Optimal grid resolution for the detection lead time of cyclogenesis in the North Indian ocean

Abstract

Early detection of disturbances in the atmospheric column, its spatio-temporal behavior and evolution prior to tropical cyclogenesis over warm ocean surface is a challenging problem. High-resolution atmospheric models help to better understand the atmospheric dynamical conditions and instability mechanism triggered by intense air-sea interaction leading to the formation of tropical cyclogenesis. Present study performed a series of model-based sensitivity experiments to evaluate tropical cyclogenesis lead detection time for five cyclone cases with varying grid resolutions ranging between 27 km and 12 km in the north Indian Ocean. High-resolution Weather Research and Forecast (WRF) model examined the evolution of pre-cyclonic eddy vortices in the vertical atmospheric column associated with Aila, Thane, Mora, Ockhi, and the recent Vayu cyclones. Detection technique was based on Okubo-Weiss (OW) parameter that is very sensitive to varying grid resolutions. Study examined the sensitivity of pre-cyclogenesis lead detection time to WRF model grid resolutions. Significant findings from the study indicate a good skill in genesis prediction with approximately four days (~90 h) lead time in all cases irrespective of pre- and post-monsoon seasons and the domain size. First part of this study reveals characteristic difference in the eddy detection between pre- and post-monsoon cyclones and its lead detection time. The lead detection time using a grid resolution of 27 km resulted in a lag-time of nearly one day (~24 h) for pre-monsoon cyclogenesis as compared to the post-monsoon cases.
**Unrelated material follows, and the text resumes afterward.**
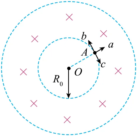 。在内圆上A点有a、b、c三个粒子均在纸面内运动,并都恰好到达磁场外边界后返回。已知a、b、c带正电且比荷均为
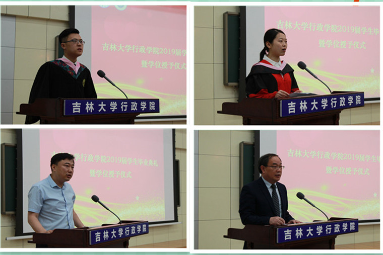 本科毕业生代表周金霖同学上台发言。他带着对于往昔的追忆进行大学生涯的回顾,娓娓道来自己的心路历程,他带着对于父母、老师、同学的感恩,憧憬美好的未来;研究生毕业生代表崔珊珊同学在发言中对多年来老师的职业指导与思维方式等多方面的教导,致以敬意和感谢。同时她希望通过最初的向往与目标来明确一种自我定位,通过自由意志、独立精神追寻实践的意义。她也祝福每个人不负吉大、不负期待。

Interestingly, the pre-cyclonic eddies are detected at higher atmospheric levels (450–650 hPa) for the pre-monsoon unlike post-monsoon developing cases in the lower tropospheric levels (800–950 hPa). Secondly, a 15 km grid resolution with OW technique would suffice early tropical cyclogenesis detection found optimum in context to lead detection time (~15 h) that better resolves the structure of pre-cyclonic eddies useful for advanced prediction.